### [What the exercise asks]
Word for word, repeat all the entries below, but without the pictures.

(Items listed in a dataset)
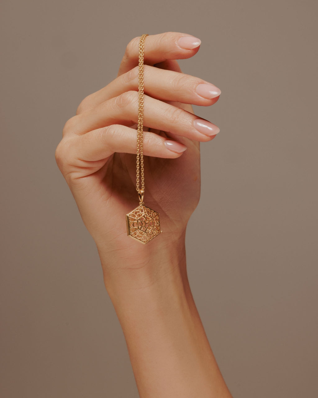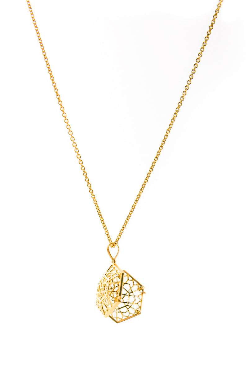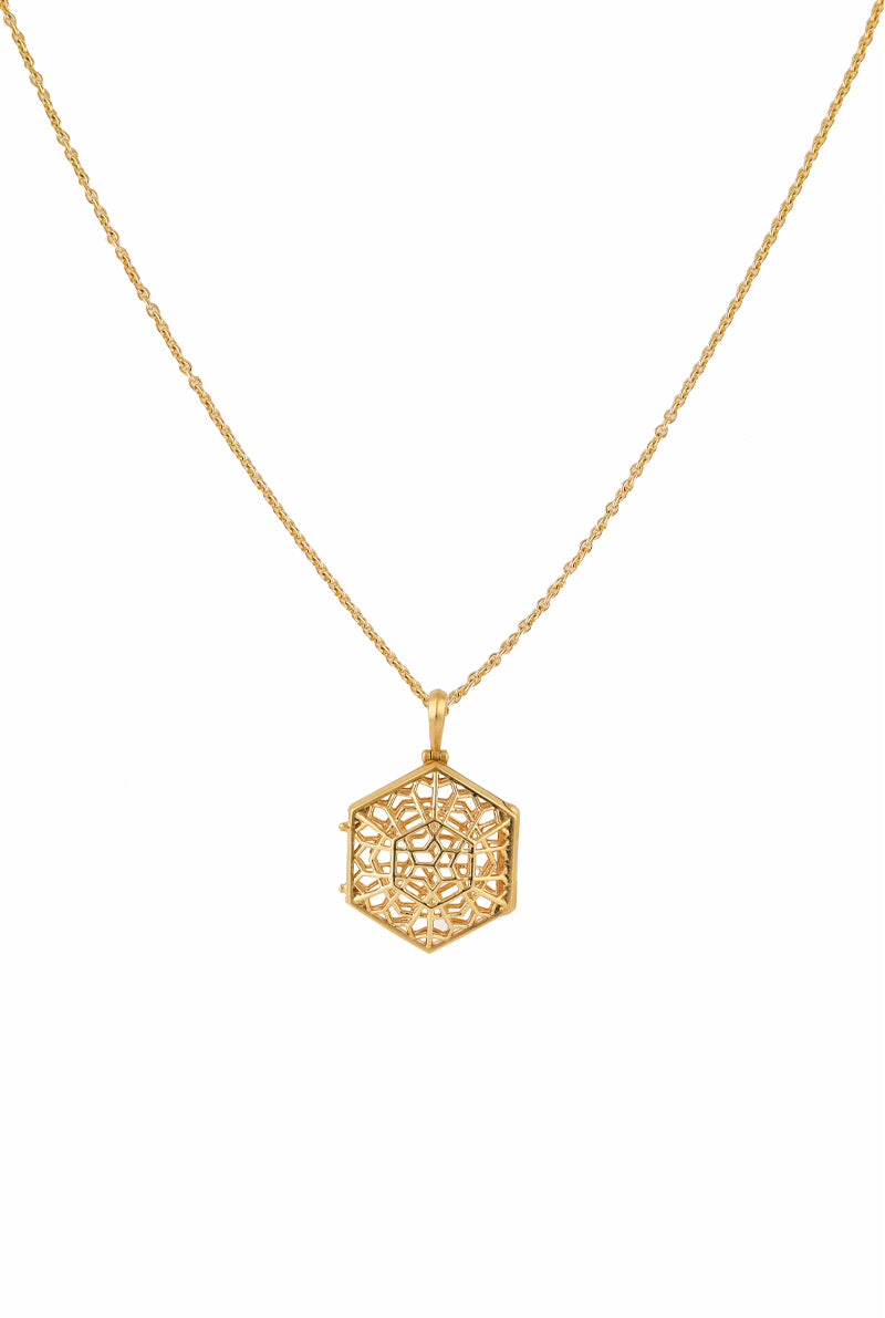 Jali Divine Hexagonal 18k Yellow Gold Locket Pendant with intricate Hexagonal Jali motif, hung from 18k gold linked chain.
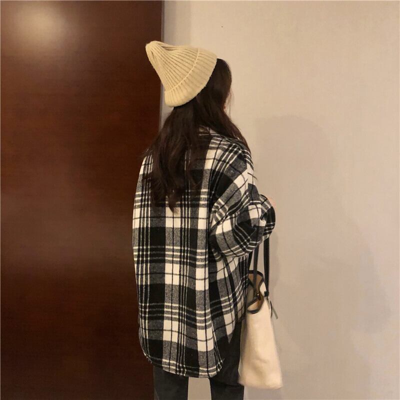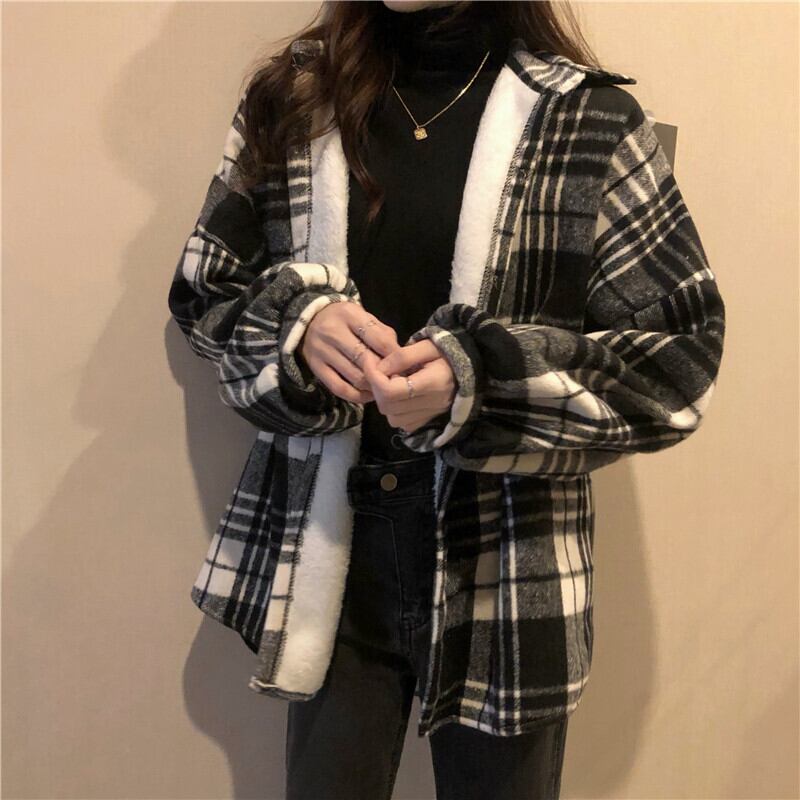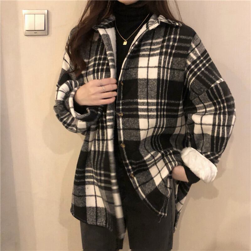 ウィンター韓国ファッション厚み格子柄シャツ 秋物ロングスタンダードスタイルジャケット レトロ オータム 冬物 SPM847461552
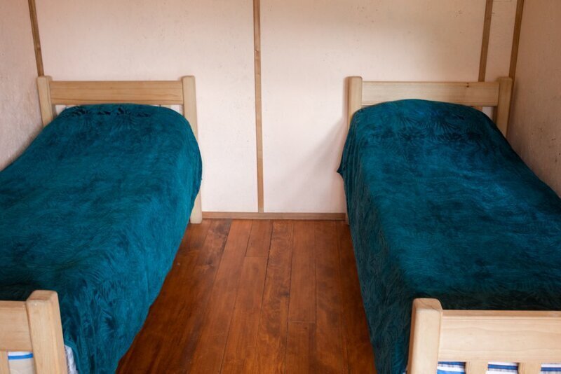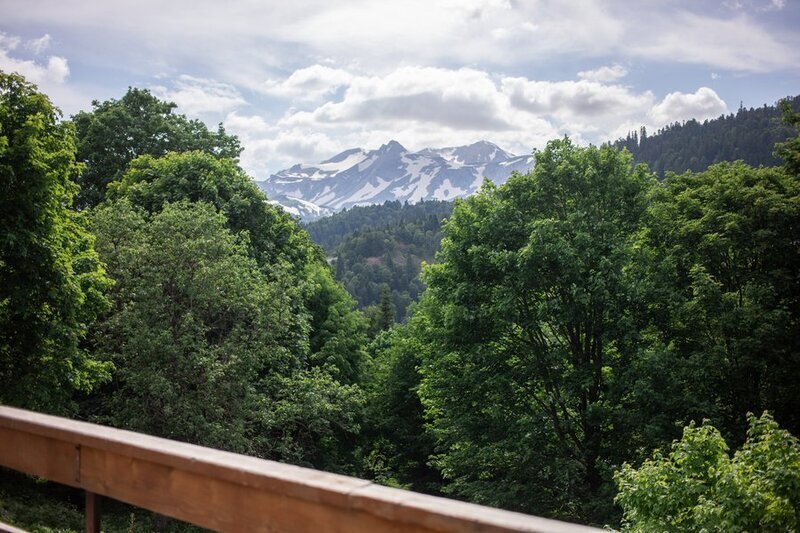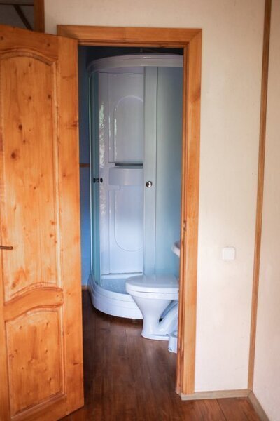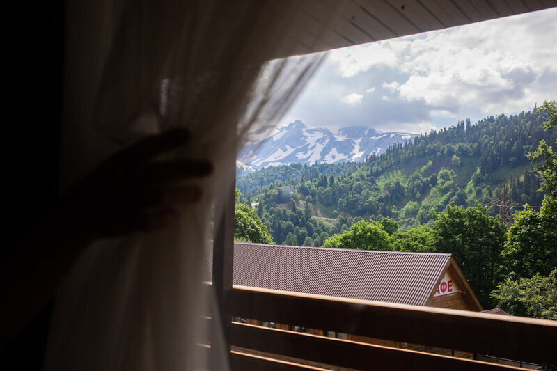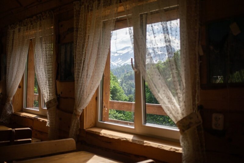 Из номеров на двоих открывается вид на горы. Каждый номер оборудован санузлом с душем.
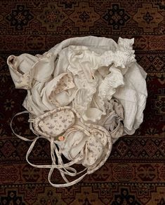 ii. I have a bed full of stains, of babe, of child, a slow progression into girl. There are stains I don’t like to remember and so I rub them with sugar or salt, the hot water and they fade until my sheets are pure enough that from a distance they look new. Nothing is new. My curtains are cream lace and soft cotton, slightly ripped at the bottom from years of catching them on the bottom of my feet when dancing around my room. They tangle in my toes and kiss along the scar, and when I stood on the roses I placed out to cut the stems, I got a thorn stuck in my toe and it bled and I cut that piece of lace out. I didn’t like to think of it, sitting there, next to its seafoam sisters, feeling dirty, forgotten, derogatory.
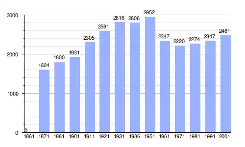 | Gráfica de evolución demográfica de San Pietro Viminario entre 1861 y 2001 |
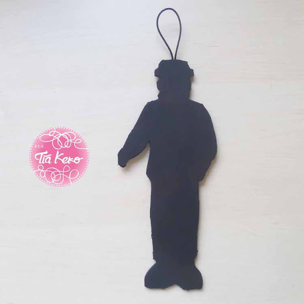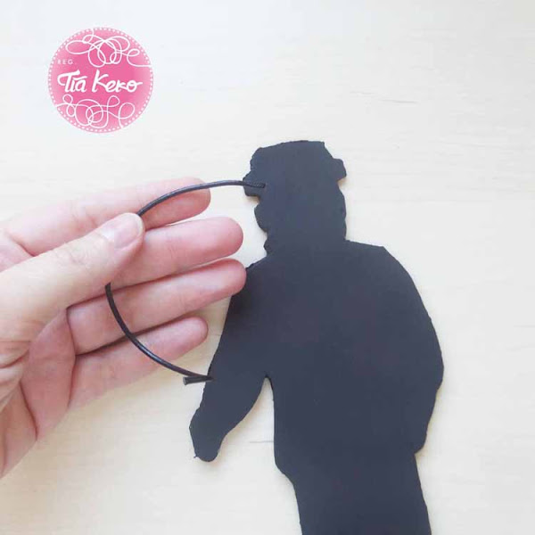 Para poder colgarla de la puerta, vamos a coger un trozo de cordón y con la pistola de silicona caliente lo vamos a pegar en la parte trasera del Frankenstein y lo dejamos secar bien.
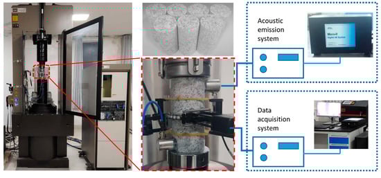 The experiment was carried out using the MTS815 Flex Test GT (MTS Industrial Systems Co., Ltd., Shanghai, China) electrohydraulic servo rock mechanics experimental system at North China University of Water Resources and Electric Power in China, as shown in Figure 1, which can measure the axial and radial deformation of a specimen in real time, record the load, stress, displacement and strain values, and simultaneously plot the load-displacement and stress-strain curves. Acoustic emission data were acquired by using the PCI-II acoustic emission (AE) monitoring system (Physical Acoustics Company Beijing Office, Beijing, China) from the American Physical Acoustic Corporation (PAC). The MTS815 Flex Test GT electrohydraulic servo rock mechanics experimental system used in the experiment is regularly maintained and calibrated by a qualified professional organization to ensure that it is in good working condition. Prior to the start of the experiment, the AE monitoring system was tested in a broken-lead experiment, and the monitoring results were accurate.
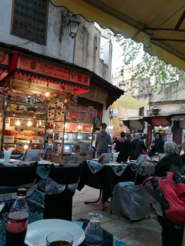 There was a jolly atmosphere in the medina. Locals and tourists mingled together as they sauntered up one of the main arteries. Families with small children were buying drinks from stalls.
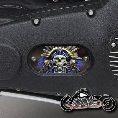 Custom Oval Inspection Cover - Native Skull Blue
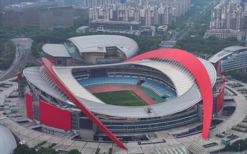 ↑这是6月9日拍摄的南京奥体中心全景(无人机照片)。
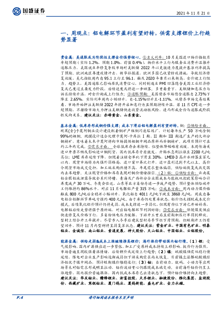国盛证券:有色金属行业周报:铝电解环节盈利有望好转,供需支撑锂价上行趋势显著.pdf
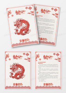 红色简约剪纸2024年龙年元旦新年贺词信纸元旦信纸
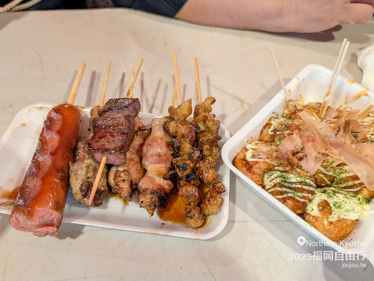 而且明明天氣不好,我們仨卻沒人記得帶傘,以致稍微淋了點雨,非常落魄,儘管如此,屋台美食還是治癒了我們,燒烤好好吃!
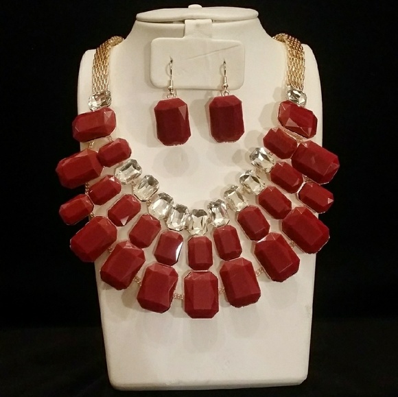 Pretty toned Burgundy & Clear stone Bismarck link with matching earrings or any other earrings of your choice, see photo samples

### [Reply]
 Jali Divine Hexagonal 18k Yellow Gold Locket Pendant with intricate Hexagonal Jali motif, hung from 18k gold linked chain.
 ウィンター韓国ファッション厚み格子柄シャツ 秋物ロングスタンダードスタイルジャケット レトロ オータム 冬物 SPM847461552
 Из номеров на двоих открывается вид на горы. Каждый номер оборудован санузлом с душем.
 ii. I have a bed full of stains, of babe, of child, a slow progression into girl. There are stains I don’t like to remember and so I rub them with sugar or salt, the hot water and they fade until my sheets are pure enough that from a distance they look new. Nothing is new. My curtains are cream lace and soft cotton, slightly ripped at the bottom from years of catching them on the bottom of my feet when dancing around my room. They tangle in my toes and kiss along the scar, and when I stood on the roses I placed out to cut the stems, I got a thorn stuck in my toe and it bled and I cut that piece of lace out. I didn’t like to think of it, sitting there, next to its seafoam sisters, feeling dirty, forgotten, derogatory.
 | Gráfica de evolución demográfica de San Pietro Viminario entre 1861 y 2001 |
 Para poder colgarla de la puerta, vamos a coger un trozo de cordón y con la pistola de silicona caliente lo vamos a pegar en la parte trasera del Frankenstein y lo dejamos secar bien.
 The experiment was carried out using the MTS815 Flex Test GT (MTS Industrial Systems Co., Ltd., Shanghai, China) electrohydraulic servo rock mechanics experimental system at North China University of Water Resources and Electric Power in China, as shown in Figure 1, which can measure the axial and radial deformation of a specimen in real time, record the load, stress, displacement and strain values, and simultaneously plot the load-displacement and stress-strain curves. Acoustic emission data were acquired by using the PCI-II acoustic emission (AE) monitoring system (Physical Acoustics Company Beijing Office, Beijing, China) from the American Physical Acoustic Corporation (PAC). The MTS815 Flex Test GT electrohydraulic servo rock mechanics experimental system used in the experiment is regularly maintained and calibrated by a qualified professional organization to ensure that it is in good working condition. Prior to the start of the experiment, the AE monitoring system was tested in a broken-lead experiment, and the monitoring results were accurate.
 There was a jolly atmosphere in the medina. Locals and tourists mingled together as they sauntered up one of the main arteries. Families with small children were buying drinks from stalls.
 Custom Oval Inspection Cover - Native Skull Blue
 ↑这是6月9日拍摄的南京奥体中心全景(无人机照片)。
国盛证券:有色金属行业周报:铝电解环节盈利有望好转,供需支撑锂价上行趋势显著.pdf
 红色简约剪纸2024年龙年元旦新年贺词信纸元旦信纸
 而且明明天氣不好,我們仨卻沒人記得帶傘,以致稍微淋了點雨,非常落魄,儘管如此,屋台美食還是治癒了我們,燒烤好好吃!
 Pretty toned Burgundy & Clear stone Bismarck link with matching earrings or any other earrings of your choice, see photo samples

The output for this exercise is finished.